Why do Managers shy away from giving performance feedback, both positive and negative? Constructive feedback is crucial to career development, employee satisfaction, employee retention and employee motivation. Employee feedback should be given as frequently as possible; both formally through the annual performance review forms and ensuing discussions, but also informally through ongoing conversations and coaching. Managers really lose a golden opportunity to motivate their employees if they forget to praise an employee on doing a great job, or ineffectively praise the employee by providing no personalized examples of how that employee performed well. On the other hand, there is nothing quite so disheartening as learning for the first time during an annual review that some aspect of your performance has been lacking for the past 6 months, but you were never notified.

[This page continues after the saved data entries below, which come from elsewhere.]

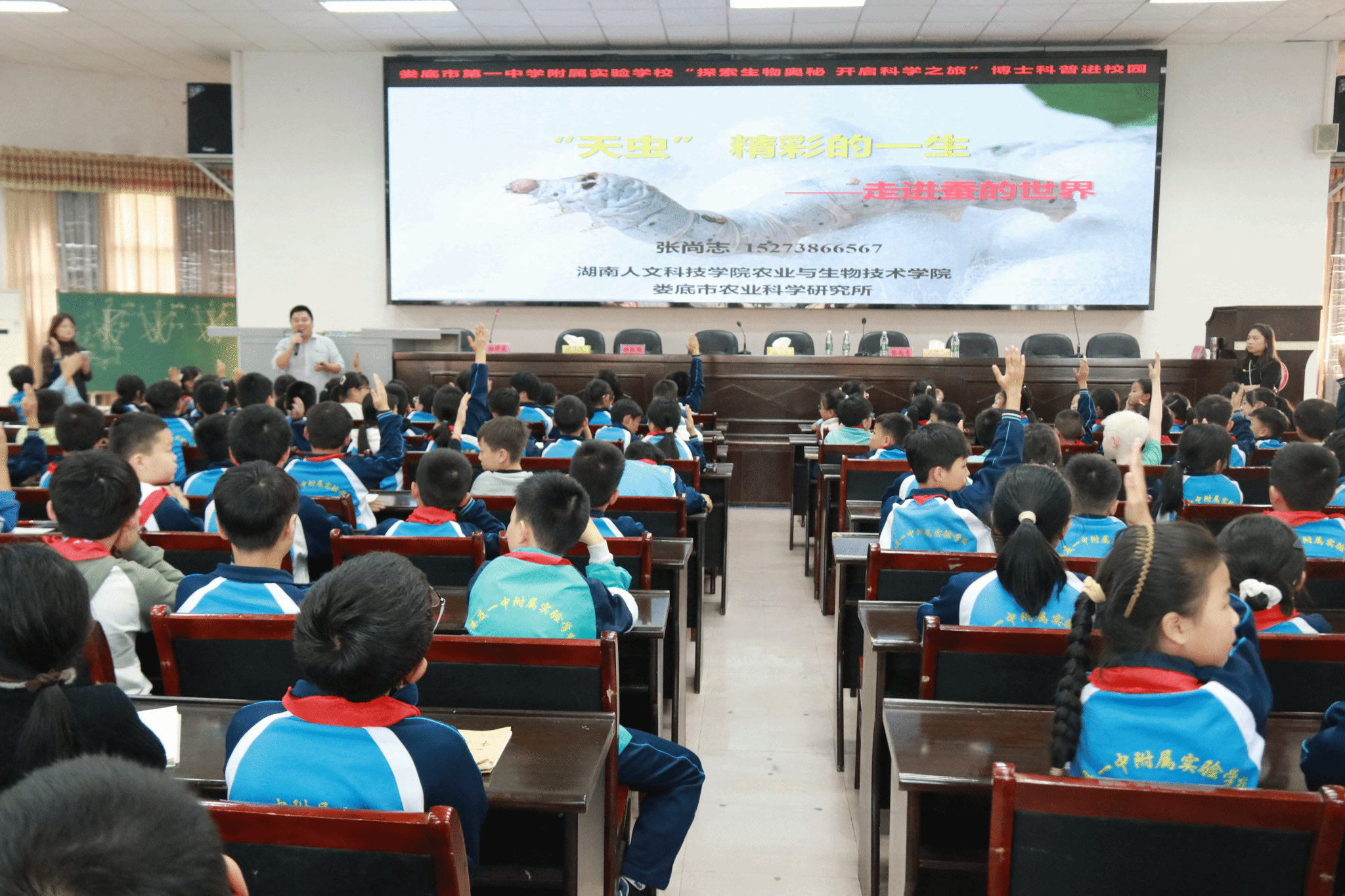 活动伊始,娄底一附副校长钟红雨致欢迎词。她指出,科学是人类进步的阶梯,此次科普活动特邀请到了KY开元集团官网入口的杨泽良博士和张尚志博士,是同学们探索生物奥秘,增长生物知识,培养科学素养的好机会。随后,杨泽良博士带来“植物中的‘欺骗专家’”讲座,为同学们打开了解植物世界的窗户,展现了其在观赏植物快繁技术、植物生理生态等方面的科普知识。接着,张尚志博士开展“‘天虫’精彩的一生——走进蚕的世界”科普讲座,凭借其在家蚕养殖、利用及抗性机制方面的专业知识和研究成果,让同学们深入了解蚕的奥秘。同学们积极参与博士的提问环节,有问有答,会场气氛热烈,响起一阵又一阵热烈的掌声。
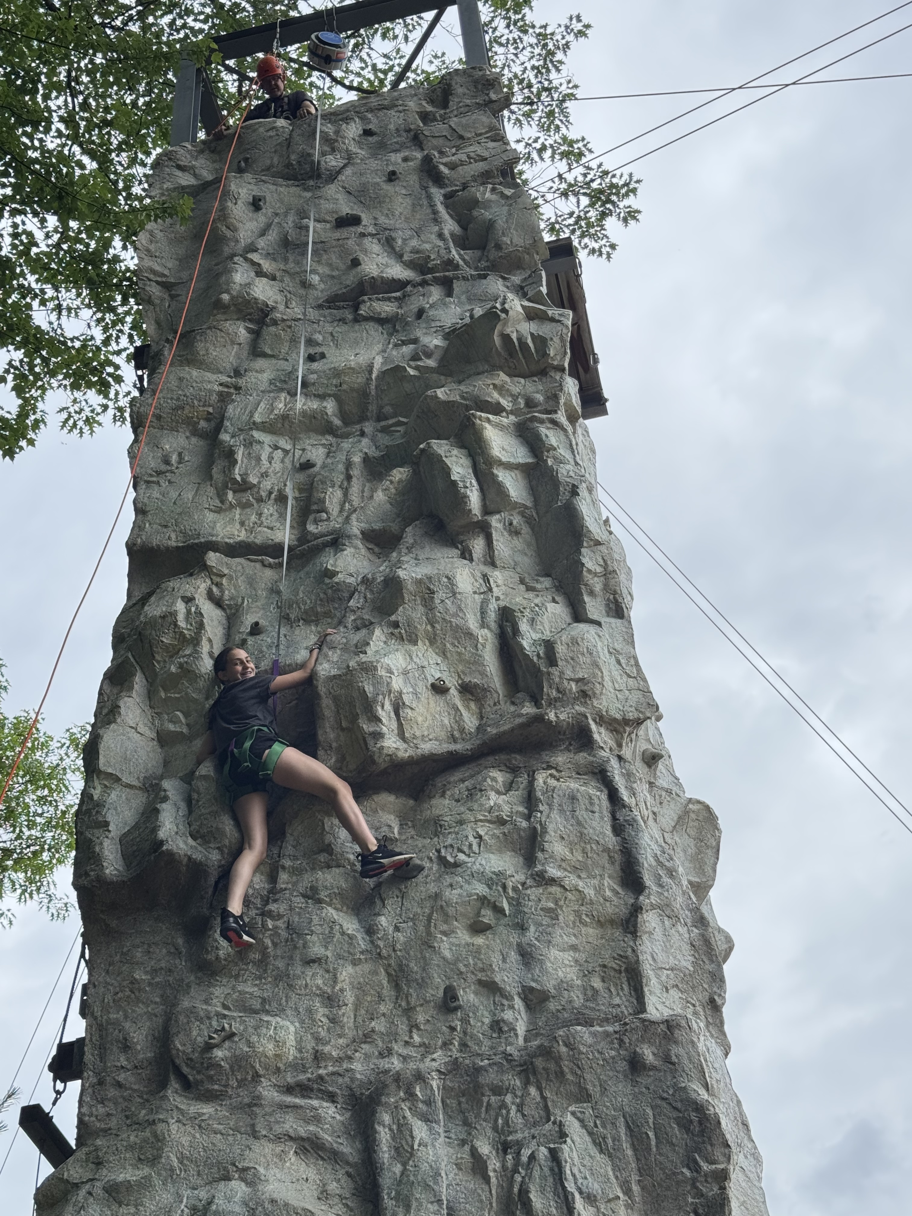-This morning I had the great honor of being the first Chippy to zoom down our brand new zipline. The real challenge was getting to the top of the wall…no small feat if I do say so myself. But once up there, I was taken aback by the beauty of CRC from fifty feet high. I’ve been on top of the wall before, but I’m not sure I’ve ever really taken the time to appreciate the birds eye view of Chippewa…it was amazing. Equally as amazing were the cheers that were coming at me from trampball. The campers there were chanting my name and encouraging me to be brave enough to take the plunge. It was incredibly sweet and they had quite the impact on my morning. Our campers are simply the best and this morning was just another demonstration of this.
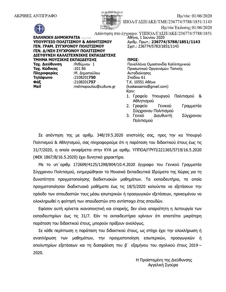 «Την έκδοση απόφασης – οδηγίας από ΥΠΠΟΑ, με την οποία θα επιτρέπεται η συνέχιση της εκπαιδευτικής διαδικασίας με κάθε εφικτό τρόπο και μέσο (εξ αποστάσεως παροχής εργασίας με τη χρήση ηλεκτρονικών μέσων, π.χ: Skype, Zoom, Viber κ.ά)».
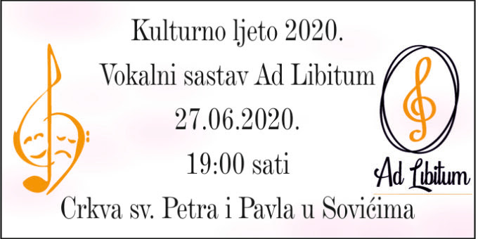 U organizaciji Bratovštine sv. Stjepana Prvomučenika Gorica-Sovići, u filijalnoj crkvi sv. Petra i Pavla u Sovićima u drugoj večeri trodnevnice pred svetkovinu apostolskih prvaka, nakon mise koja počinje u 19 sati, održat će se koncert Vokalnog sastava Ad Libitum iz Novog Travnika. Tim koncertom otvorit će se Kulturno ljeto u Župi Gorica-Sovići.
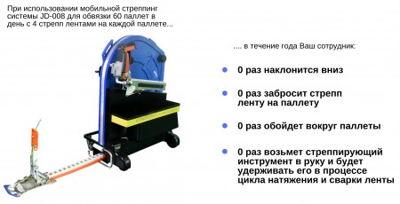 Изучайте, выбирайте, используйте мобильные системы обвязки паллет JD-008 на Вашем производстве или складе, и Вы получите удовольствие от работы и явные конкурентные преимущества в сравнении с Вашими партнерами по бизнесу.
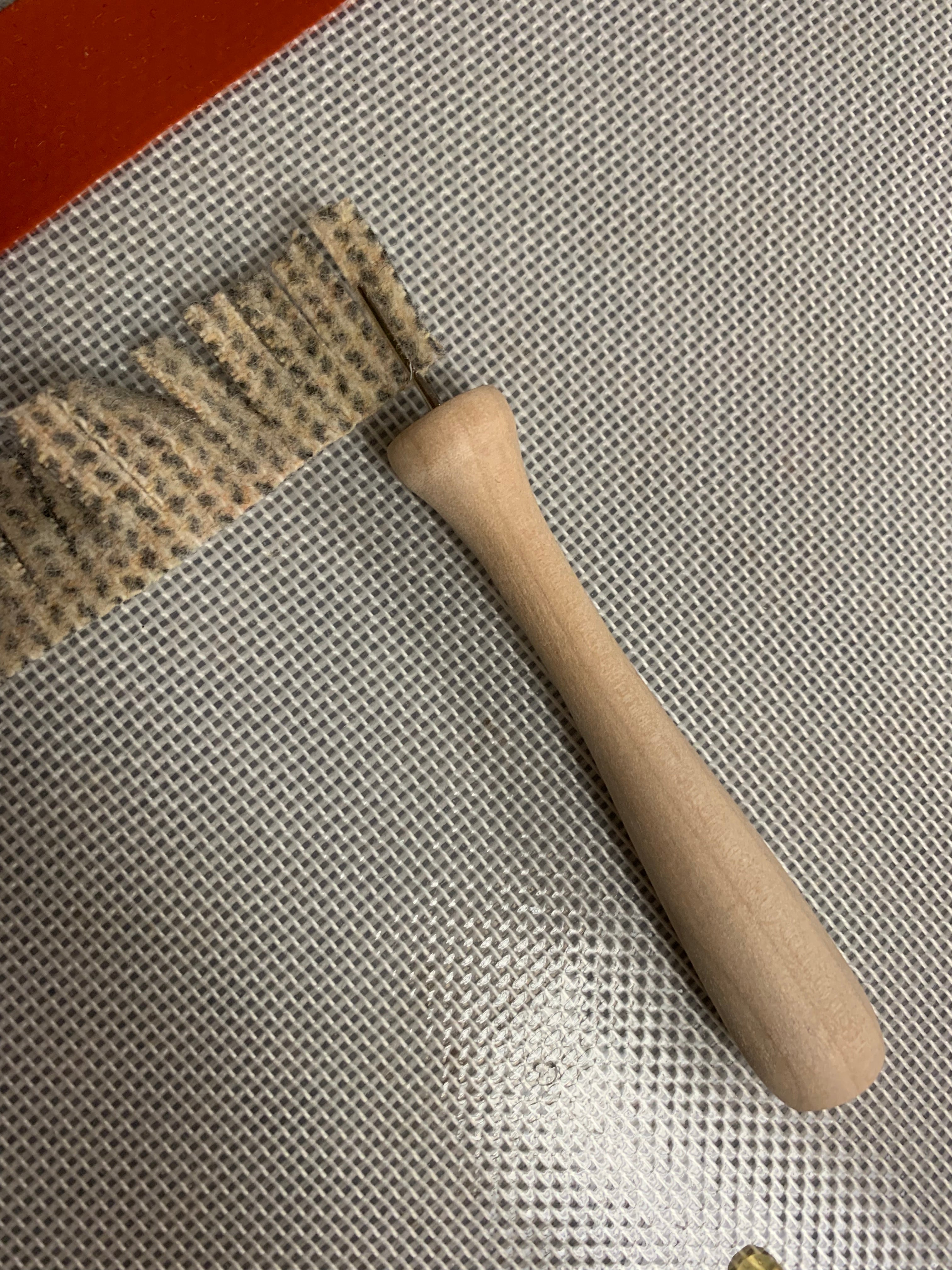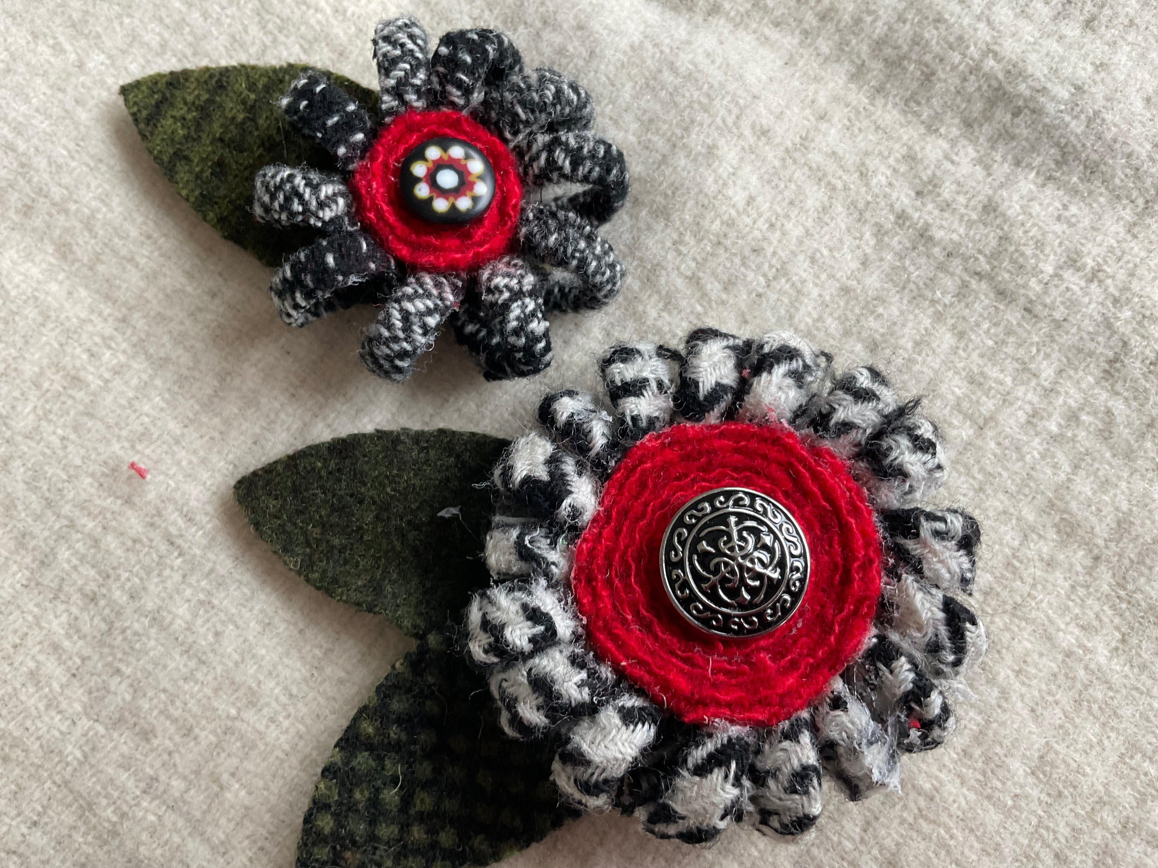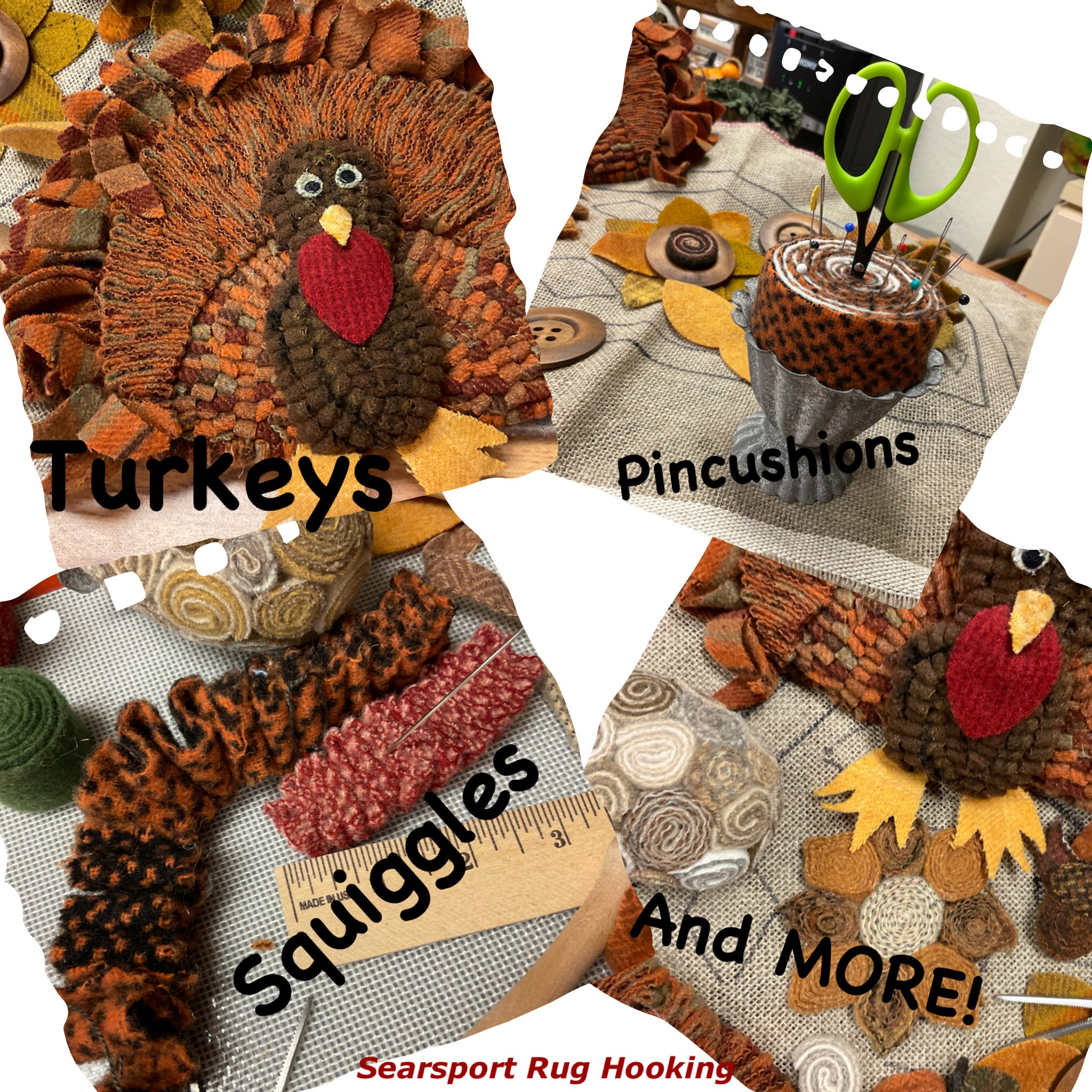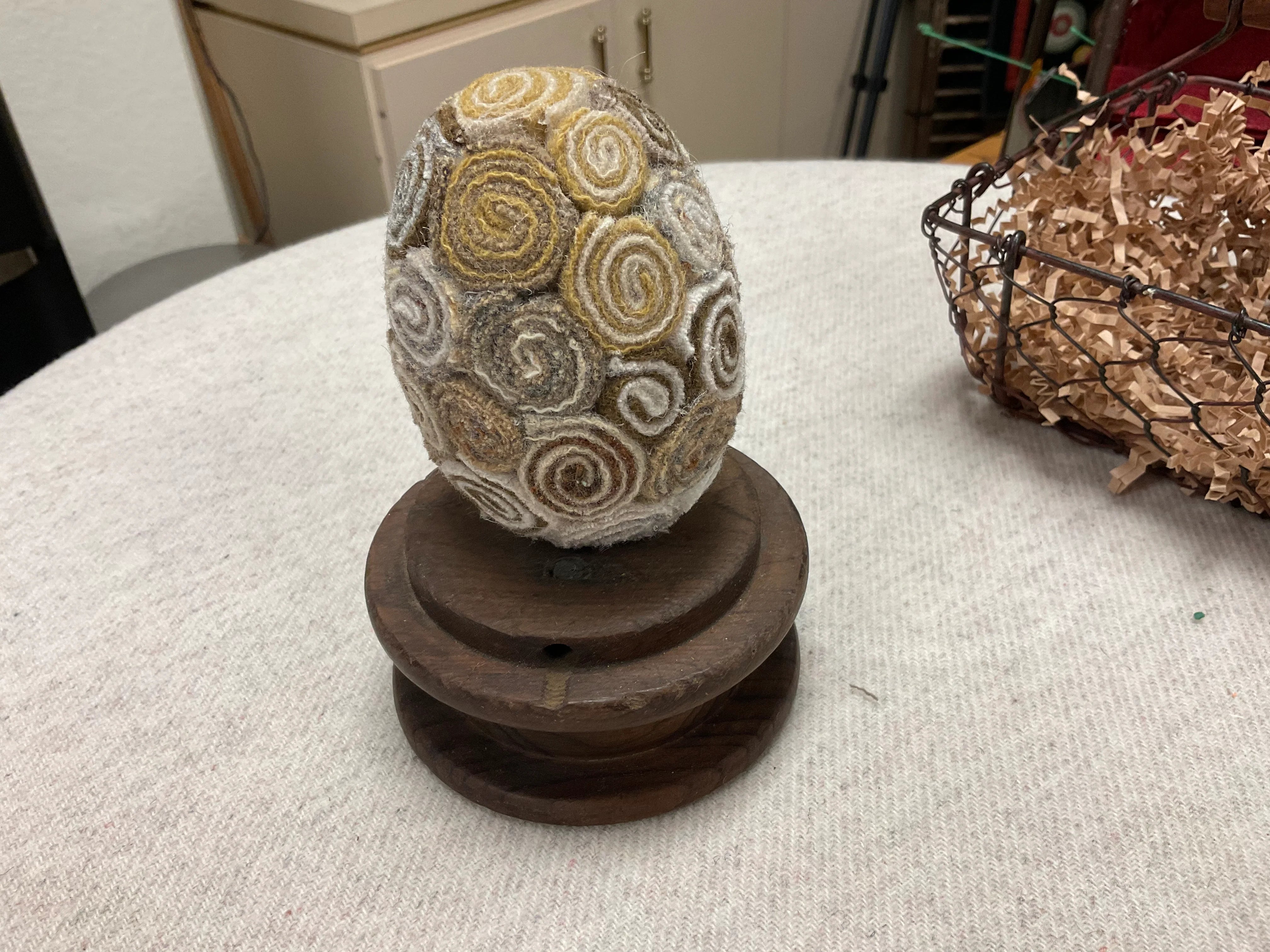 Some people can whirl and twirl up a quillie with no problem! But some of us need to help our fingers a little if we can’t or we need a couple dozen for an egg or tree or other large project. Neil’s Quicker Quillies tool is perfect!   Slip the end of your wool strip in the opening and simple twirl to load up the quillie! Slide off and add a few stitches or I cover the back in hot glue and press on our glue mat to let cool.  Did you see the bouquet we made for the snowflake goblin girl? It’s branches of twisted greens and bursting with creamy wool flowers!

Feedback gives employees the opportunity to change behavior and also to charge forward, but if they don't know what worked and what didn't, how can we expect them to perform to their full potential?
Giving feedback doesn't really need to be that scary – being prepared up front can take much of the fear out of the meeting and set the stage for a constructive and productive discussion. Where you will be holding the discussion, what you will say and when to have the conversation are all important to the ultimate success of the message. Feedback should not be a one-sided conversation; Managers should be prepared to allow the employee to provide their input into the situation and to actively listen as they do so and ask appropriate questions.
Remember, the goal of performance feedback and counseling conversations is always to work with the employee to improve their performance, in a dignified, constructive manner and to reward them for a job well done!